By: --- (---.delete@this.redheron.com), June 5, 2022 6:12 pm
Room: Moderated Discussions
⚛ (0xe2.0x9a.0x9b.delete@this.gmail.com) on June 4, 2022 11:39 am wrote:
> Peter Lewis (peter.delete@this.notyahoo.com) on June 1, 2022 3:55 pm wrote:
> It is possible that in the near future it will become clear that CPU performance is determined
> by the number of [conditional] branches successfully predicted per cycle - and not by whether
> the CPU's compiler/user interface uses a fixed-length or a variable-length encoding.
This is a great point, a rare example of skating to where the puck will be rather than where it was thirty years ago.
As regards ISA, the obvious question, then, is what can ISA do to improve this situation?
- predicates/CMOV/CSEL. I have zero interest in relitigating this for the n'th time, I'll just state that if you want to avoid many *difficult to predict* branches, this is one technology to do so; and if one is upset about the cases where this is a bad technology choice because of lengthening the critical path, then the place to complain/fix it is in the compiler (*difficult to predict* branches!!!) not in saying that they should not be used.
- convert simple branches (eg compare followed by one or two instructions) to predicates. This is the micro-architecture solution if the compiler just cannot get its act together.
The IBM patent on this expires soon (or maybe already has, it's 2021 or 2022) and this tech coupled to a confidence predictor again solves some of the problem. This solution works easily for standard (4byte sized) RISC; for x86 branches I don't know, I would guess trickier but feasible.
- a dark horse is ARM's new (v8.8) Branch Consistent (BC) instruction.

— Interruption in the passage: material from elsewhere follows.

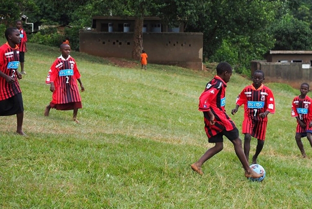 北海道コンサドーレ札幌のホームゲーム時に収集したサッカー用品にてサッカーを楽しむウガンダの子どもたち

Does anyone know the backstory behind this (like is it from within ARM or an Apple suggestion or ???)
It's somewhat vaguely described (and much may be in the hands of the implementer) but my simple-minded reading of it is that it's a way to move the easy branches (as always, assuming the compiler can get its act together...) out of the fancy branch machinery to much simpler branch machinery, so that the few really hard branches can have much more tech thrown at them.
But the reliance on the compiler is the Achilles' heel; I suspect anyone thinking of actually going down this path might be better off just implementing an aggressive branch confidence tracker and using that to move branches between the easy machinery and the fancy machinery.
> Peter Lewis (peter.delete@this.notyahoo.com) on June 1, 2022 3:55 pm wrote:
> It is possible that in the near future it will become clear that CPU performance is determined
> by the number of [conditional] branches successfully predicted per cycle - and not by whether
> the CPU's compiler/user interface uses a fixed-length or a variable-length encoding.
This is a great point, a rare example of skating to where the puck will be rather than where it was thirty years ago.
As regards ISA, the obvious question, then, is what can ISA do to improve this situation?
- predicates/CMOV/CSEL. I have zero interest in relitigating this for the n'th time, I'll just state that if you want to avoid many *difficult to predict* branches, this is one technology to do so; and if one is upset about the cases where this is a bad technology choice because of lengthening the critical path, then the place to complain/fix it is in the compiler (*difficult to predict* branches!!!) not in saying that they should not be used.
- convert simple branches (eg compare followed by one or two instructions) to predicates. This is the micro-architecture solution if the compiler just cannot get its act together.
The IBM patent on this expires soon (or maybe already has, it's 2021 or 2022) and this tech coupled to a confidence predictor again solves some of the problem. This solution works easily for standard (4byte sized) RISC; for x86 branches I don't know, I would guess trickier but feasible.
- a dark horse is ARM's new (v8.8) Branch Consistent (BC) instruction. Does anyone know the backstory behind this (like is it from within ARM or an Apple suggestion or ???)
It's somewhat vaguely described (and much may be in the hands of the implementer) but my simple-minded reading of it is that it's a way to move the easy branches (as always, assuming the compiler can get its act together...) out of the fancy branch machinery to much simpler branch machinery, so that the few really hard branches can have much more tech thrown at them.
But the reliance on the compiler is the Achilles' heel; I suspect anyone thinking of actually going down this path might be better off just implementing an aggressive branch confidence tracker and using that to move branches between the easy machinery and the fancy machinery.